Gennaro Joseph "Jerry" Angiulo Sr. (; March 20, 1919 – August 29, 2009) was an American mobster who rose to the position of underboss in the Patriarca crime family of New England under Raymond L. S. Patriarca. Angiulo was convicted of racketeering in 1986 and was imprisoned until being released in 2007. One of the Angiulo Brothers, he was "probably the last very significant Mafia boss in Boston’s history".

Early life
Gennaro J. Angiulo was born in 1919 to Italian immigrants Cesare and Giovannina "Jeannie" (née Fimiani) Angiulo, who owned a mom-and-pop grocery store. He grew up with his siblings Nicolo, Donato, Francesco, Antonio, Michele and James. Even though he was from the North End neighborhood, he graduated from Boston English High School in 1936, where his ambition was to attend Suffolk Law School and become a criminal lawyer. Gennaro Angiulo enlisted in the U.S. Navy at the beginning of World War II and served 4 years in the Pacific theater; he achieved the rank of Chief Boatswain's Mate. Upon completion of his service, he moved back to the North End of Boston.
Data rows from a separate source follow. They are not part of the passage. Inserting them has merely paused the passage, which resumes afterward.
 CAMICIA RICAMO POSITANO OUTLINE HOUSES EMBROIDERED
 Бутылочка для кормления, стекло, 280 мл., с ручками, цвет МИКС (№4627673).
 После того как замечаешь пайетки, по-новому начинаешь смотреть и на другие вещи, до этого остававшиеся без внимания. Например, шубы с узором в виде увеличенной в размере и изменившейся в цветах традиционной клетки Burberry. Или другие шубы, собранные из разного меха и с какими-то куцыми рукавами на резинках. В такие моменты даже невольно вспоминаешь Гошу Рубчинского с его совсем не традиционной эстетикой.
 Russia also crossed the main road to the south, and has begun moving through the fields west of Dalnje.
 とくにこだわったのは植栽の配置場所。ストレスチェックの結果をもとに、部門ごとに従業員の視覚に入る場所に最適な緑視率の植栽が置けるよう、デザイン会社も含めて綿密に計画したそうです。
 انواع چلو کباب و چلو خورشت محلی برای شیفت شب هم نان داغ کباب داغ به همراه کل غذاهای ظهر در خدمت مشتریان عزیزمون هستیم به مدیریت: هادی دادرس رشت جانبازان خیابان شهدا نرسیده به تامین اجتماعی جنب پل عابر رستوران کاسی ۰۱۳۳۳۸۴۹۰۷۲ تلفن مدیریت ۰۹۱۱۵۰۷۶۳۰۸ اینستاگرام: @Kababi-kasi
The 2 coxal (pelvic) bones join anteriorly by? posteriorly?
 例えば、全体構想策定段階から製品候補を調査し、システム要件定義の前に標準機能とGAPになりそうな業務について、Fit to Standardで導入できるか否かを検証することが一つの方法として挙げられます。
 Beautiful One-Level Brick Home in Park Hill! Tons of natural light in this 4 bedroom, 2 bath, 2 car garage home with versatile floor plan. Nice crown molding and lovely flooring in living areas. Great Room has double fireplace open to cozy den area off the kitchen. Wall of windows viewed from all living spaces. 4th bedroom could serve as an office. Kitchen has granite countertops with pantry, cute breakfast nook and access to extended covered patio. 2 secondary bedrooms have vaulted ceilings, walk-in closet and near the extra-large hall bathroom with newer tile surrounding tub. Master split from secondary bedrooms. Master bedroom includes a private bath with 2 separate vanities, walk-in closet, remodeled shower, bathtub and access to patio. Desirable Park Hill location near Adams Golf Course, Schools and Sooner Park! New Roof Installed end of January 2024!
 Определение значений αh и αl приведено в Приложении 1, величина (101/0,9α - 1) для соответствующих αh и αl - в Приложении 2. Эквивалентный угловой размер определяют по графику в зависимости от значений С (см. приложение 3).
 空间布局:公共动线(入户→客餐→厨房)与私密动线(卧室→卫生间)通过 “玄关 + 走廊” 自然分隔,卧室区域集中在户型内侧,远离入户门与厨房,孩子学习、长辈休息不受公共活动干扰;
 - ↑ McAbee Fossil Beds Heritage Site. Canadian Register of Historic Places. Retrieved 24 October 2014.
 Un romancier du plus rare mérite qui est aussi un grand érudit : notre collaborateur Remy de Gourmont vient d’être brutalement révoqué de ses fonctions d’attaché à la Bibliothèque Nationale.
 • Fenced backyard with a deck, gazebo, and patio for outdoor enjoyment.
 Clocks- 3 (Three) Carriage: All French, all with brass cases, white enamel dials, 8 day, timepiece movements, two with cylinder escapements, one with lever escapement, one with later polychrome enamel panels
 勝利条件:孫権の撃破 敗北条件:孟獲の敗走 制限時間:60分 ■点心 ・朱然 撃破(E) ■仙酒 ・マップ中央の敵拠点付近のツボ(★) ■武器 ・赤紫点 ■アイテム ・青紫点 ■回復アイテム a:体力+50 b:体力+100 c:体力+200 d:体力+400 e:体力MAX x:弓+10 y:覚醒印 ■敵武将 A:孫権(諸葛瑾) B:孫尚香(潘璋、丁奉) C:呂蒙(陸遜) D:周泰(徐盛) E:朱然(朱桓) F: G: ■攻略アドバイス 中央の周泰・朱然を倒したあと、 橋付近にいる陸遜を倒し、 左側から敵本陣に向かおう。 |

He had a regular table in the back room of an Italian dinery called Francesca's Restaurant on North Washington Street in North End, Boston.

Mob career
The Angiulo brothers who had only minor previous involvement in crime realized that as a result of convictions of previous operators there was an opening for numbers game operation. They offered small business people such as barbers and convenience store owners the opportunity to get a wholesale discount on bets on individual numbers. The Angiulo brothers were able to build a network converting these businesses into points of sale and bookies. This succeeded in attracting the interest of the Mafia and the Angiulo brothers offered the Patriarca family a cut rather than resist them.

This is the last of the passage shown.